Oui, c’est une traversée de la nuit, de l’aube mais à l’intérieur il y a des moments très éclairés. Dans la nuit, il y a aussi des fulgurances. Le jour nous sommes policé.es, nous avons une certaine tenue. La nuit permet la création. La nuit c’est l’espace de la création, et nous sommes plus à l’écoute du monde. Il y a aussi quelque chose de résistant à ne pas vouloir dormir. J’ai parfois des insomnies. Mais ce sont des insomnies très sereines. La nuit c’est l’endroit du désir, on appelle. C’est aussi le lieu, l’espace du désir, de l’attente de l’autre.

Et le titre ? Et puis voici mon cœur ça sonne comme une mise à nu, comme un ras- le-bol aussi : « et puis voilà, il n’y a rien d’autre à ajouter ! ». Est-ce que cette création serait un accomplissement de la femme et de l’actrice que tu es ?
Et puis voici mon cœur, c’est un poème de Verlaine.
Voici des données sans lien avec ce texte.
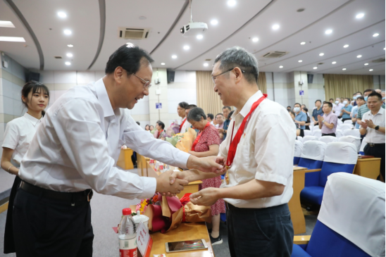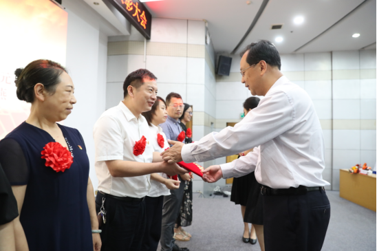 校党委委员、副校长雷小勇宣读表彰文件。高山逐一为学校2021-2022年度先进基层党组织、学校2021-2022年度10位优秀党务工作者、学校2021-2022年度优秀共产党员颁发荣誉证书。
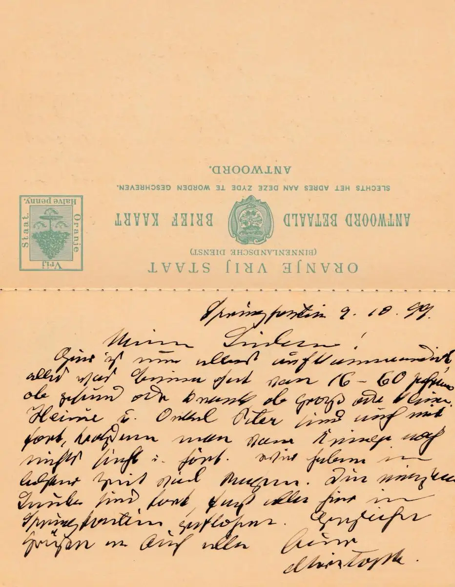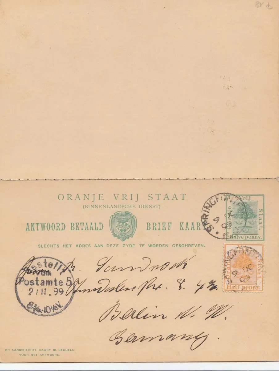 South Africa 1899: post card with response cart Springfontein to Berlin

Il y a un mouvement dans ce vers, c’est vrai. Un élan. C’est le plus personnel de mes spectacles : au niveau de la recherche, de l’implication, du travail. C’est trois ans de travail. C’est énorme.
Je suis partie d’une photo de Brassaï qui représentait un coeur gravé, brut, sans initiales, dans l’espace public à Paris. J’ai voulu appeler ce spectacle Forever, à toi pour toujours, pendant un moment je suis restée avec ce titre. Puis, un jour on m’a dit que c’était fréquent Forever apparaît souvent sur les pierres tombales… Je ne voulais absolument pas cette référence funèbre. J’ai lu ce poème de Verlaine peu après et j’ai changé le titre du spectacle. J’avais trouvé ! Tout ce que je peux te donner, c’est moi, c’est mon coeur. Il y a une grande solitude à l’intérieur de nous. Nous avons besoin d’être consolé.es. Je veux agir comme une caresse à la fois pour moi et pour le public.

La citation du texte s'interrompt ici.